It is necessary to efficiently develop alternative, safe and renewable but intermittent energies such as solar energy. Storing calories or electricity can stabilize energy networks, smoothe production / consumption irregularities in the context of developing renewable energies, and supply energy to islands or remote sites.

For the production of energy, storage is essential: in reality, the production of energy is:

  • either the transformation of a potential energy stock (fossil fuel, water stored in height, fissile material, etc.) into an energy directly usable for work (electricity, mechanical work) or thermal use.
  • or the direct transformation of natural energy flows, over which human beings have no control. These are renewable energies, often derived from solar radiation.

From the physical point of view, there is never “energy production”, but a transformation of available energy in nature. Storage is the building up of a stock of potential energy from energy flows that are not used immediately, to be disposed of later, when the demand is greater. Energy storage is a vital issue for human societies and industry. For individuals and companies, energy must imperatively be available on demand, without break. Any disruption of supply has a high economic and social cost in terms of health and safety.

Energy storage has three main motivations:

  • securing the energy supply of a country or group of countries;
  • adjustment of energy production according to demand;
  • compensation for irregular production of so-called intermittent energies.
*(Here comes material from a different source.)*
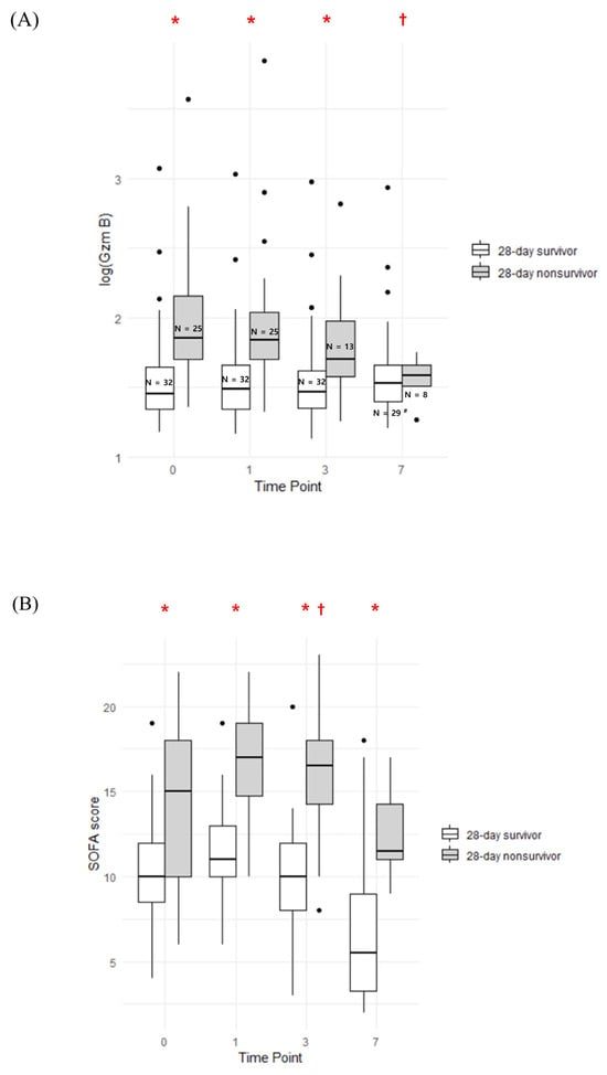 Serial trend of plasma granzyme B (A) and SOFA score (B). (A) * p < 0.05 for the difference in log10(Granzyme B) in 28-day survivors vs. 28-day nonsurvivors at a specified time point. † p < 0.05, as analyzed by generalized estimating equations, for the change in log10(Granzyme B) from time point 0 to a specified time point in 28-day survivors vs. 28-day nonsurvivors. # There were 3 cases of missing blood samples. (B) * p < 0.05 for the difference in SOFA score in 28-day survivors vs. 28-day nonsurvivors at a specified time point. † p < 0.05, as analyzed by generalized estimating equations, for the change in SOFA score from time point 0 to a specified time point in 28-day survivors vs. 28-day nonsurvivors.

The two storage / destocking operations constitute a storage cycle.

The energy efficiency of a cycle corresponds to the ratio of the amount of energy recovered to the amount of energy that was initially sought to be stored. This ratio is generally less than 1 except for the natural means of storage of ambient energy where it can be considered infinite (division by zero), since nobody supplies the energy to be stored, which is in fact free. The energy efficiency of an energy storage cycle highly depends on the nature of the storage and on the physical systems used to ensure storage and retrieval operations.

In either case, each of the two storage and destocking operations invariably induces energy or material losses: some of the initial energy is not actually stored and part of the stored energy is not actually recovered. But for natural ambient energy, these losses mainly affect the economic depreciation of necessary investments: sunlight arrives even if the human does not capture it.

2. Large forms of storage

2.1 Storage of fuel

Combustion remains the most common energy process; it is the most developed storage.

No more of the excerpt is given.